Nothing but the images is to be left out of your exact copy of the entries.

→ **INFORMATION PROVIDED**:
************

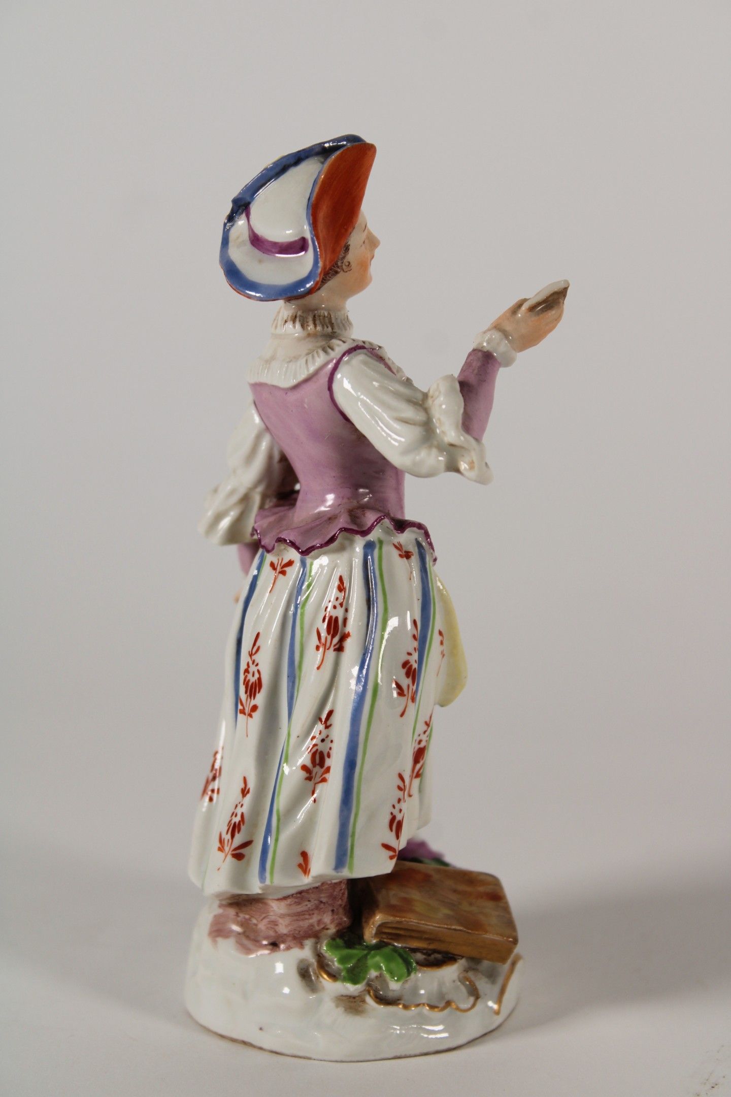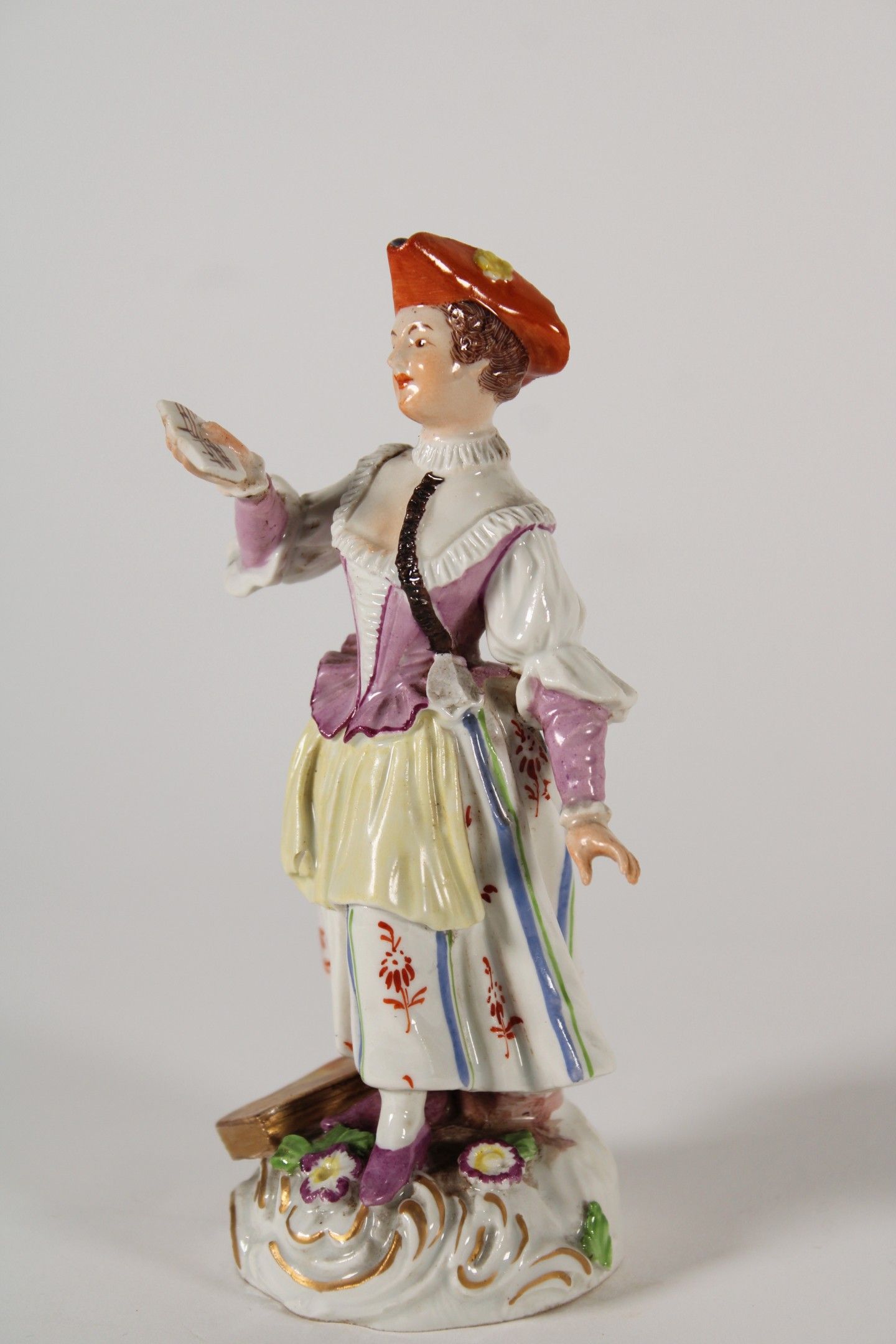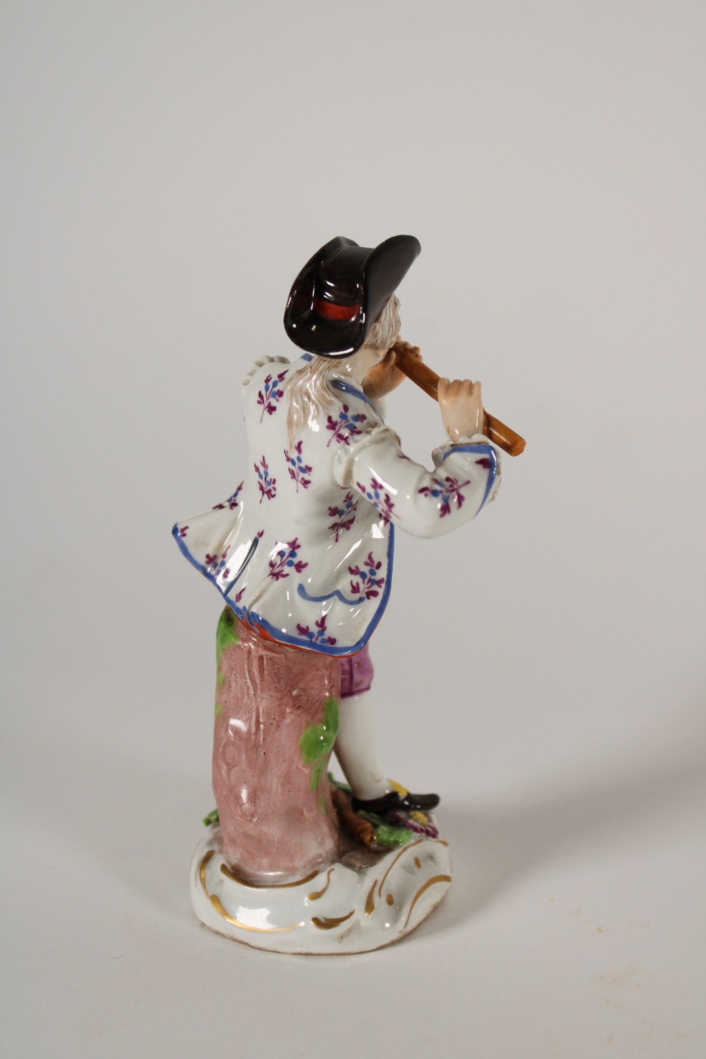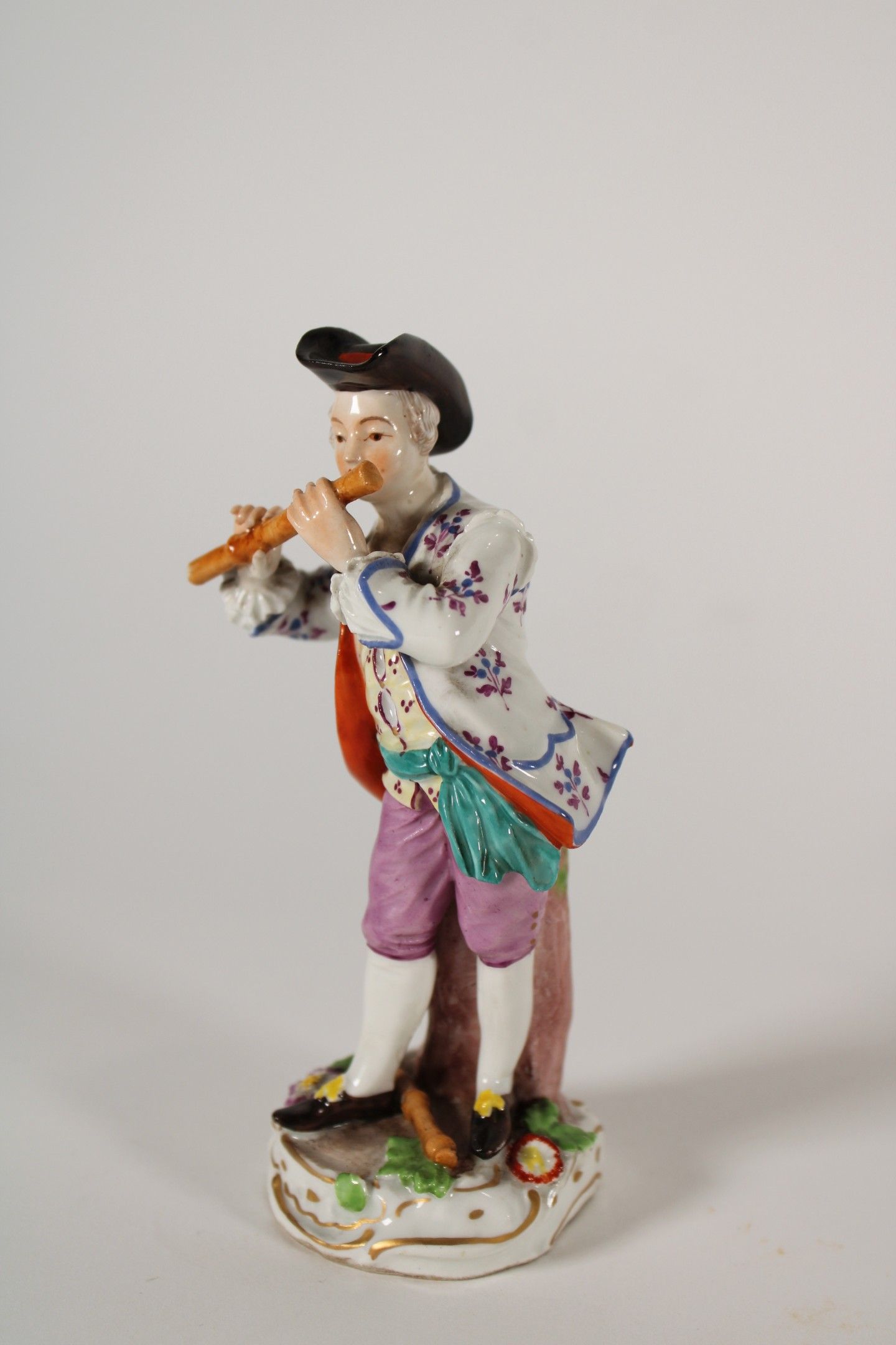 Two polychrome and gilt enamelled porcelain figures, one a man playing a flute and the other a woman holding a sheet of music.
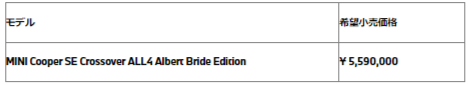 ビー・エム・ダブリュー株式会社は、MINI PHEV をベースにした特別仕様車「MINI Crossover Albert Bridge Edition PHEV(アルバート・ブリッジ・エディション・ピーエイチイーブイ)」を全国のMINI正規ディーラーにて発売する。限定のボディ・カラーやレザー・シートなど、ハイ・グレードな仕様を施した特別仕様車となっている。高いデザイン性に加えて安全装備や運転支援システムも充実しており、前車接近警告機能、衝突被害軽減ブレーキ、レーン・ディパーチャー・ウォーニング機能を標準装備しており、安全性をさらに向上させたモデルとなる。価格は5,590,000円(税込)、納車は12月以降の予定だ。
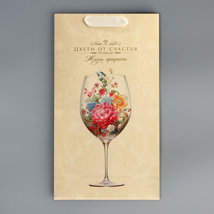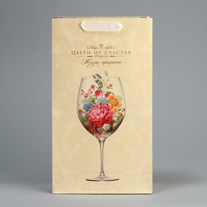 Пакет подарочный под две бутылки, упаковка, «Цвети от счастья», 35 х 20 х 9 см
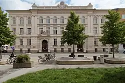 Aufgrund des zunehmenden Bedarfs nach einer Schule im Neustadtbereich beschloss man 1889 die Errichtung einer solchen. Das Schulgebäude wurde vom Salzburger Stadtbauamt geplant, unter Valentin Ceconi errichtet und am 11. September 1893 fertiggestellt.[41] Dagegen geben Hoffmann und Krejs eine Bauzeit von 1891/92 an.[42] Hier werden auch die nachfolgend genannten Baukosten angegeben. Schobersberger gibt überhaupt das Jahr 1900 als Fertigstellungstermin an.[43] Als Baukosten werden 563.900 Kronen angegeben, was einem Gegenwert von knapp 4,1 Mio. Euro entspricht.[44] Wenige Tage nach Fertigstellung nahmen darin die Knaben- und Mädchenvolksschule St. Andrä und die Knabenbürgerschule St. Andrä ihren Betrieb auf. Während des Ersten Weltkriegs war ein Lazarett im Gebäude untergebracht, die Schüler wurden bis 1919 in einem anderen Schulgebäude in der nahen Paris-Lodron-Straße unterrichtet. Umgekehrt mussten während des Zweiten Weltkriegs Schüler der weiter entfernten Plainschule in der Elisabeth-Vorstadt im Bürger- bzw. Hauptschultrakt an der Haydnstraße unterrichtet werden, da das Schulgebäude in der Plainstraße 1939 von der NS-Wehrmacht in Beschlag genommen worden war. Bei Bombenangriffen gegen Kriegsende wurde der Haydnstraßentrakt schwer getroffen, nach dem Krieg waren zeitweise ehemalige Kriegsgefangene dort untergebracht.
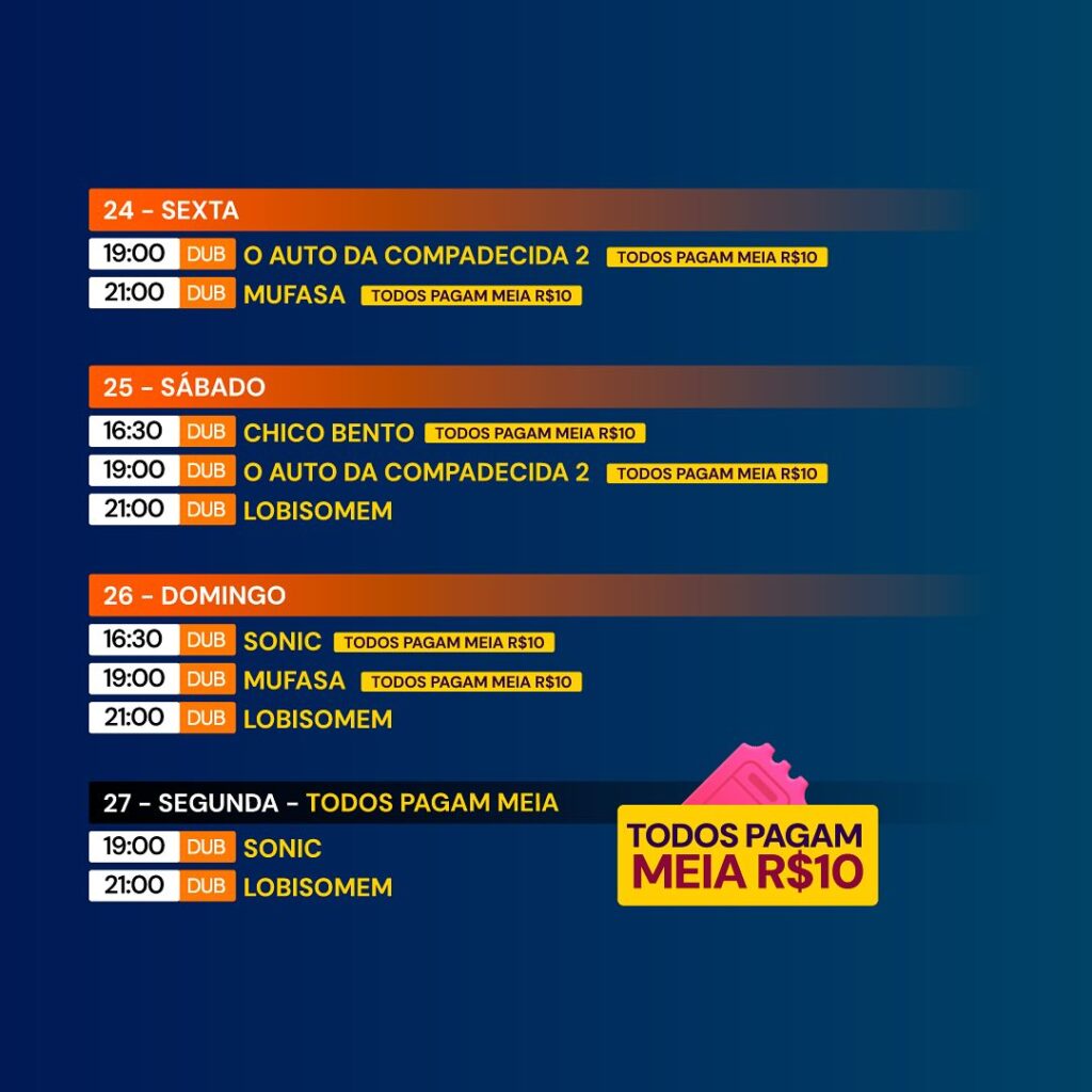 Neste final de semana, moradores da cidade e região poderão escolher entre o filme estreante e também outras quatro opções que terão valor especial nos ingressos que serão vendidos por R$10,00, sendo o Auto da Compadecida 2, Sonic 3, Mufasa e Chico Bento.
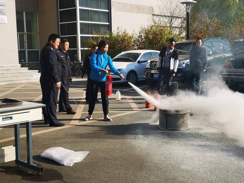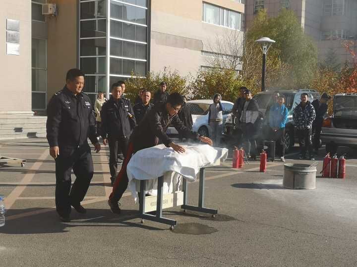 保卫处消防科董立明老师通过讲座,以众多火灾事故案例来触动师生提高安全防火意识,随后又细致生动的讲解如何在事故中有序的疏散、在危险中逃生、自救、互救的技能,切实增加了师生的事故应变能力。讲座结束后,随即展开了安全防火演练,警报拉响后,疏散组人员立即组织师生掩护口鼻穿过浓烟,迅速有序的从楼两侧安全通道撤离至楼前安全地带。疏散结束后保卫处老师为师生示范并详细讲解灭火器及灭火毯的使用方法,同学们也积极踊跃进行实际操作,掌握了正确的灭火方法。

************

→ **WRITTEN REPLY**:
 Two polychrome and gilt enamelled porcelain figures, one a man playing a flute and the other a woman holding a sheet of music.
 ビー・エム・ダブリュー株式会社は、MINI PHEV をベースにした特別仕様車「MINI Crossover Albert Bridge Edition PHEV(アルバート・ブリッジ・エディション・ピーエイチイーブイ)」を全国のMINI正規ディーラーにて発売する。限定のボディ・カラーやレザー・シートなど、ハイ・グレードな仕様を施した特別仕様車となっている。高いデザイン性に加えて安全装備や運転支援システムも充実しており、前車接近警告機能、衝突被害軽減ブレーキ、レーン・ディパーチャー・ウォーニング機能を標準装備しており、安全性をさらに向上させたモデルとなる。価格は5,590,000円(税込)、納車は12月以降の予定だ。
 Пакет подарочный под две бутылки, упаковка, «Цвети от счастья», 35 х 20 х 9 см
 Aufgrund des zunehmenden Bedarfs nach einer Schule im Neustadtbereich beschloss man 1889 die Errichtung einer solchen. Das Schulgebäude wurde vom Salzburger Stadtbauamt geplant, unter Valentin Ceconi errichtet und am 11. September 1893 fertiggestellt.[41] Dagegen geben Hoffmann und Krejs eine Bauzeit von 1891/92 an.[42] Hier werden auch die nachfolgend genannten Baukosten angegeben. Schobersberger gibt überhaupt das Jahr 1900 als Fertigstellungstermin an.[43] Als Baukosten werden 563.900 Kronen angegeben, was einem Gegenwert von knapp 4,1 Mio. Euro entspricht.[44] Wenige Tage nach Fertigstellung nahmen darin die Knaben- und Mädchenvolksschule St. Andrä und die Knabenbürgerschule St. Andrä ihren Betrieb auf. Während des Ersten Weltkriegs war ein Lazarett im Gebäude untergebracht, die Schüler wurden bis 1919 in einem anderen Schulgebäude in der nahen Paris-Lodron-Straße unterrichtet. Umgekehrt mussten während des Zweiten Weltkriegs Schüler der weiter entfernten Plainschule in der Elisabeth-Vorstadt im Bürger- bzw. Hauptschultrakt an der Haydnstraße unterrichtet werden, da das Schulgebäude in der Plainstraße 1939 von der NS-Wehrmacht in Beschlag genommen worden war. Bei Bombenangriffen gegen Kriegsende wurde der Haydnstraßentrakt schwer getroffen, nach dem Krieg waren zeitweise ehemalige Kriegsgefangene dort untergebracht.
 Neste final de semana, moradores da cidade e região poderão escolher entre o filme estreante e também outras quatro opções que terão valor especial nos ingressos que serão vendidos por R$10,00, sendo o Auto da Compadecida 2, Sonic 3, Mufasa e Chico Bento.
 保卫处消防科董立明老师通过讲座,以众多火灾事故案例来触动师生提高安全防火意识,随后又细致生动的讲解如何在事故中有序的疏散、在危险中逃生、自救、互救的技能,切实增加了师生的事故应变能力。讲座结束后,随即展开了安全防火演练,警报拉响后,疏散组人员立即组织师生掩护口鼻穿过浓烟,迅速有序的从楼两侧安全通道撤离至楼前安全地带。疏散结束后保卫处老师为师生示范并详细讲解灭火器及灭火毯的使用方法,同学们也积极踊跃进行实际操作,掌握了正确的灭火方法。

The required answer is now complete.